Here’s a function that returns True
if a tag defines the class
attribute but doesn’t define the id
attribute:
def has_class_but_no_id(tag):
return tag.has_attr('class') and not tag.has_attr('id')
Pass this function into find_all()
and you’ll pick up all the <p>
tags:
soup.find_all(has_class_but_no_id)
# [<p class="title"><b>The Dormouse's story</b></p>,
# <p class="story">Once upon a time there were...</p>,
# <p class="story">...</p>]
find_all()⚑
The find_all()
method looks through a tag’s descendants and retrieves all descendants that match your filters.
soup.find_all("title")
# [<title>The Dormouse's story</title>]
soup.find_all("p", "title")
# [<p class="title"><b>The Dormouse's story</b></p>]
soup.find_all("a")
# [<a class="sister" href="http://example.com/elsie" id="link1">Elsie</a>,
# <a class="sister" href="http://example.com/lacie" id="link2">Lacie</a>,
# <a class="sister" href="http://example.com/tillie" id="link3">Tillie</a>]
soup.find_all(id="link2")
# [<a class="sister" href="http://example.com/lacie" id="link2">Lacie</a>]
import re
soup.find(string=re.compile("sisters"))
# u'Once upon a time there were three little sisters; and their names were\n'
The name
argument⚑
Pass in a value for name
and you’ll tell Beautiful Soup to only consider tags with certain names.
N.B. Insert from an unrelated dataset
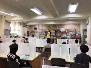 図書館司書の先生が、仲よし学級のみんなにエプロンシアターで「さるかにばなし」を聞かせてくれました!

Text strings will be ignored, as will tags whose names that don’t match.
This is the simplest usage:
soup.find_all("title")
# [<title>The Dormouse's story</title>]
The keyword
arguments⚑
Any argument that’s not recognized will be turned into a filter on one of a tag’s attributes. If you pass in a value for an argument called id
, Beautiful Soup will filter against each tag’s id
attribute:
soup.find_all(id='link2')
# [<a class="sister" href="http://example.com/lacie" id="link2">Lacie</a>]
You can filter an attribute based on a string, a regular expression, a list, a function, or the value True.
You can filter multiple attributes at once by passing in more than one keyword argument:
soup.find_all(href=re.compile("elsie"), id='link1')
# [<a class="sister" href="http://example.com/elsie" id="link1">three</a>]
Searching by CSS class⚑
It’s very useful to search for a tag that has a certain CSS class, but the name of the CSS attribute, class
, is a reserved word in Python. Using class as a keyword argument will give you a syntax error. As of Beautiful Soup 4.1.2, you can search by CSS class using the keyword argument class_
:
soup.find_all("a", class_="sister")
# [<a class="sister" href="http://example.com/elsie" id="link1">Elsie</a>,
# <a class="sister" href="http://example.com/lacie" id="link2">Lacie</a>,
# <a class="sister" href="http://example.com/tillie" id="link3">Tillie</a>]
The string argument⚑
With string
you can search for strings instead of tags.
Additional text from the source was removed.